The Ethical Dilemmas Among Medical Practitioners
The stance of making an urgent decision or choosing a specific plan of action from limited options upon the thoughts of ethical principles is a challenge experienced mostly by healthcare professionals in carrying out their practices. Notwithstanding this, for a medical practitioner to make a specific decision from two options implies forgoing the other option hence, a transgression of medical ethics or a violation of code of conducts governing medical practice (Larew et al, 2006).
Ethical dilemmas are difficult to resolve especially when a medical practitioner is torn between choosing what is right and in the best interest for a patient. Riddick (2003) notes that what may be right may not always be in the best interest for the patient. For instance, in situations of life and death, contemplating on whether saving the patient’s life is the right thing to do or allowing the patient to die when staying alive will only cause more harm is difficult to solve (Caplan, 2014). Therefore, the medical practitioner in fixing the dilemma in terms of the decision to make to will have to consider factors such as social beliefs, or religious beliefs of the patient, the patients family's choice, codes of the medical profession, etc (William, 2015). As such Gardiner (2003), posits that the choice to withdraw or withhold treatment is not solely made by the medical practitioner but with a combination of several factors which revolves around picking the best approach which will also be the right decision. Ethical dilemmas must thus be carefully and radically analysed (Beauchamp and Childress, 2001).
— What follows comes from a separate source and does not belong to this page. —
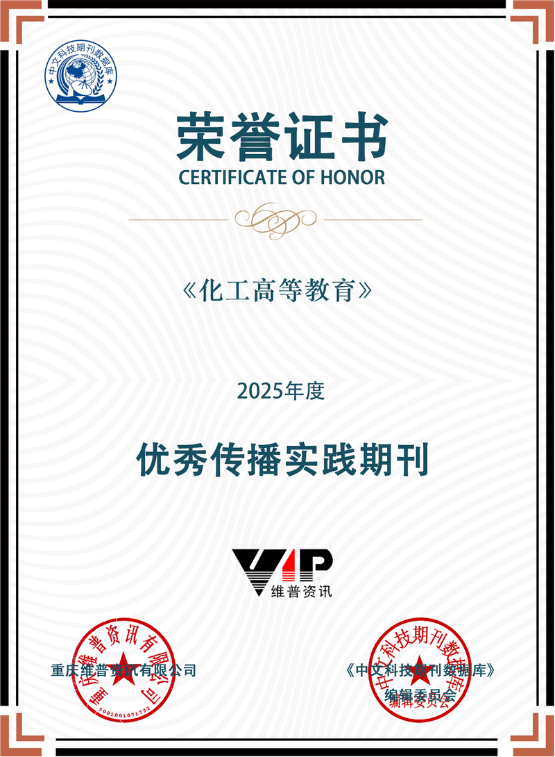 近日,《化工高等教育》在2025年度维普资讯期刊评选中获得“优秀传播实践期刊”荣誉证书。本次重庆维普资讯有限公司组织的“优秀传播实践期刊”评选不仅是对期刊学术实力与行业影响力的高度肯定,更彰显了编辑团队的专业坚守与不懈耕耘。

A major ethical dilemma which medical practitioners face is on the issue of blood transfusion and religious beliefs. A case was experienced when a Jehovah witness lady (Mabel) who was 8 months pregnant got involved in a ghastly accident and was rushed to a hospital. Mabel had lost a lot of blood, the best option to save her life as prescribed by her physicians was to administer a blood transfusion and carry out a caesarean section to save her unborn baby. Mabel, however, would not have both as they were against her religious belief, according to the Jehovah Witness Code of Conduct their members are prevented from having blood transfusion or caesarean section as they both contradict the Bible in the biblical scriptures Gen 9:36 and Revelations 1:5 (Watchtower Bible and Tract Society, 2004). For Mabel to have a blood transfusion or caesarean section would render her an infidel and condemn to eternal damnation. The physicians were thus torn between making the best decision i.e. overriding Mabel's belief by administering the blood transfusion and caesarean section which would save both her and her baby's life or make the right decision by upholding Mabel's belief. Hence, a formidable dilemma to the medical practitioner to fix.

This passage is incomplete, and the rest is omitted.